- Kasrawad Location in Madhya Pradesh, India Kasrawad Kasrawad (India)
- Coordinates: 22°08′N 75°36′E﻿ / ﻿22.13°N 75.6°E
- Country: India
- State: Madhya Pradesh
- District: Khargone

Government
- • Type: Nagar Palika Parishad
- • Body: Sachin Yadav (MLA)
- Elevation: 169 m (554 ft)

Population
- • Total: 22,750

Languages
- • Official: nimadi
- Time zone: UTC+5:30 (IST)
- Pincode: 451228
- STD Code: 07285

= Kasrawad =

Kasrawad is a tehsil and nagar panchayat in Khargone district in the Indian state of Madhya Pradesh. Kasrawad Assembly constituency is one of the 230 Vidhan Sabha (Legislative Assembly) constituencies of Madhya Pradesh state in central India.

==Geography==
Kasrawad is located at . It has an average elevation of 169 metres (554 feet) and is 17 km in east from National Highway 3 (Agra to Mumbai) and about 100 km from Indore.The town is 5 km from the northern banks of the holy Narmada River.

==History==
Kasrawad was an important Buddhist centre during the ancient and medieval periods of the Indian history. Some Buddhist remains and stupas at Kasrawad are considered the 'sites of national importance' by the Archaeological Survey of India. The Chalcolithic site of Navdatoli is located 6 kilometers northwest of Kasrawad, on the banks of the Narmada River, opposite Maheshwar.
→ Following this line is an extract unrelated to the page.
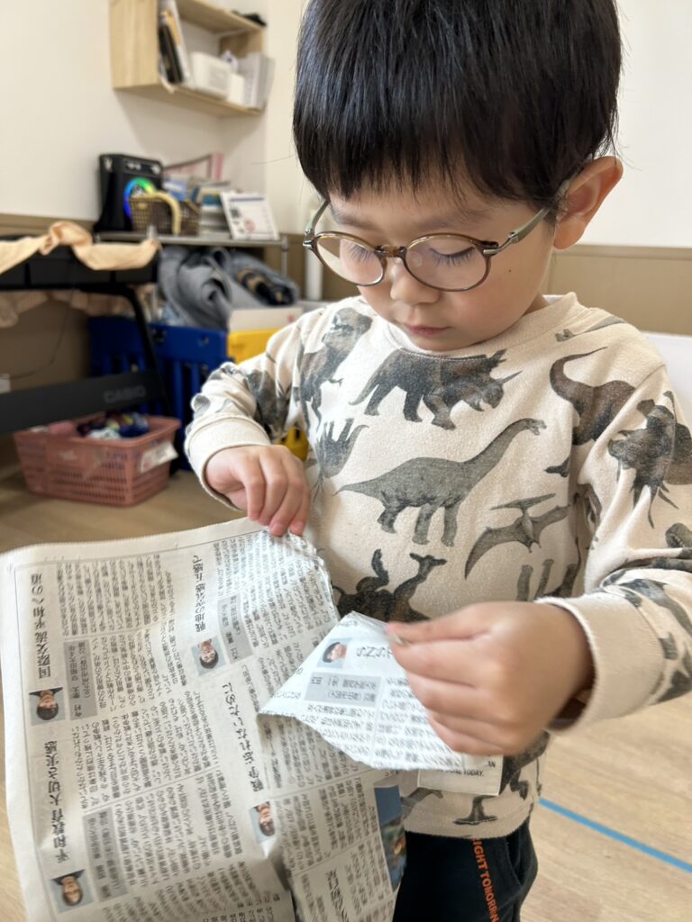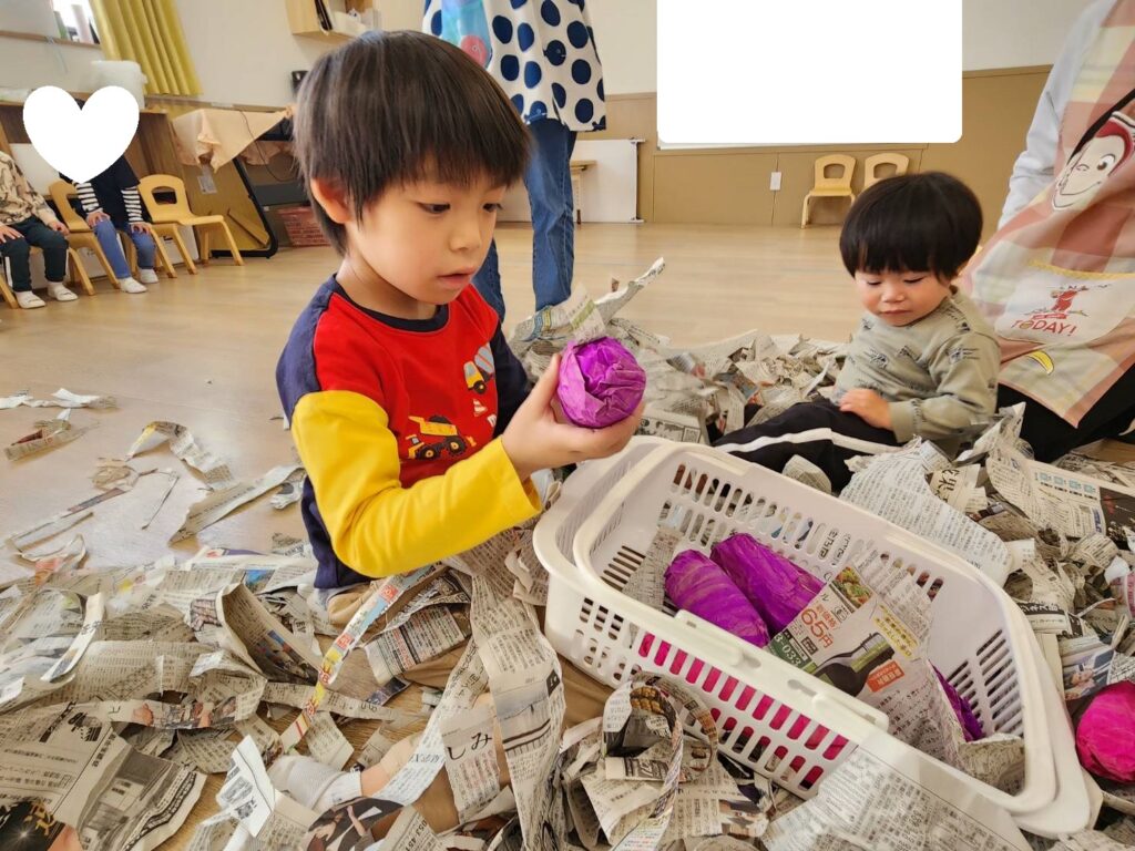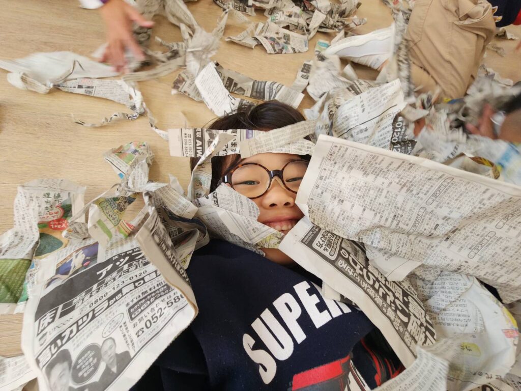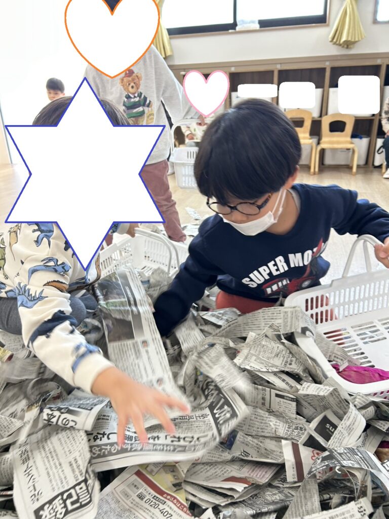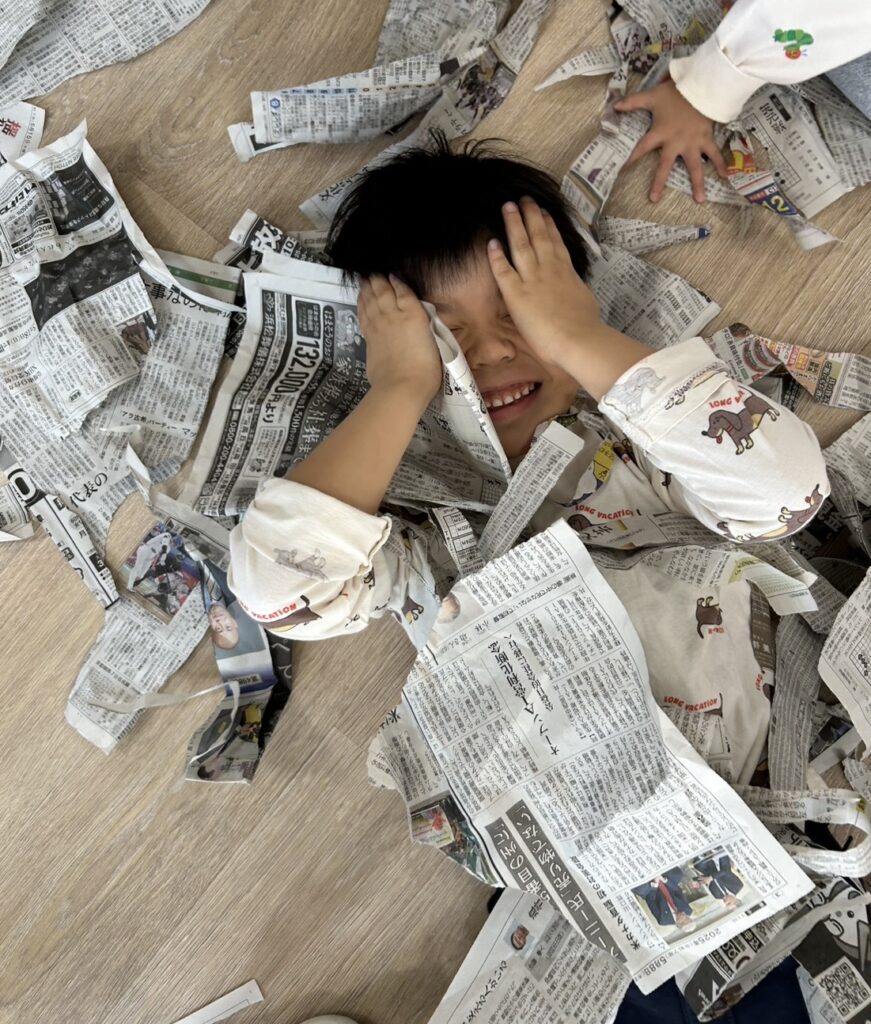 その後は自由時間😆新聞を集めて上に撒いたり、「隠してーーー!」と新聞をお互いに掛け合う様子も見られました👀
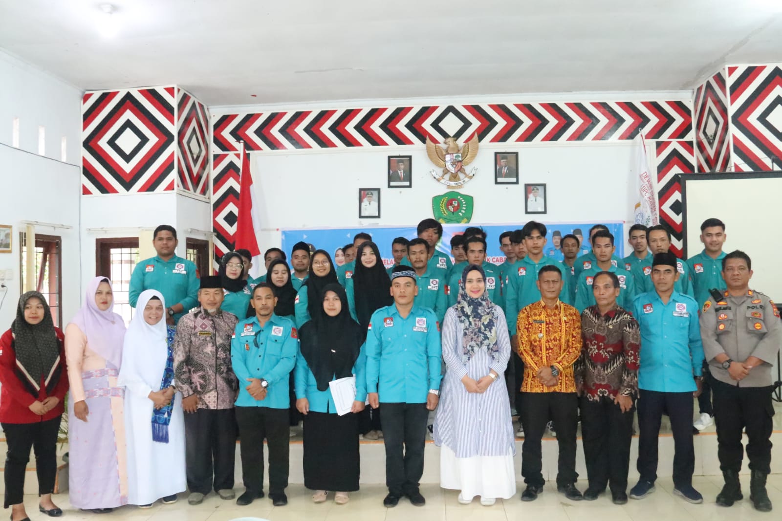 Usai pelantikan, pengurus Mapan RI Kab.Tapsel dengan PAC Mapan RI Angkola Barat menggelar foto bersama di Aula Kantor Camat setempat, Jumat (2/12).beritasore/Birong RT

It dates back to the 2nd millennium BCE

A Mughal Sarai Masjid was also present near a pond which is used for doing wudu, this site is close to Buddhist remains.

==Demographics==

At the 2011 India census, Kasrawad had a population of 22,750. Males were 50.91% of the population and females 49.09%. The average literacy rate was 57%, lower than the national average of 59.5%. Male literacy was 66% and female literacy 48%. 16% of the population were under the age of 6 years.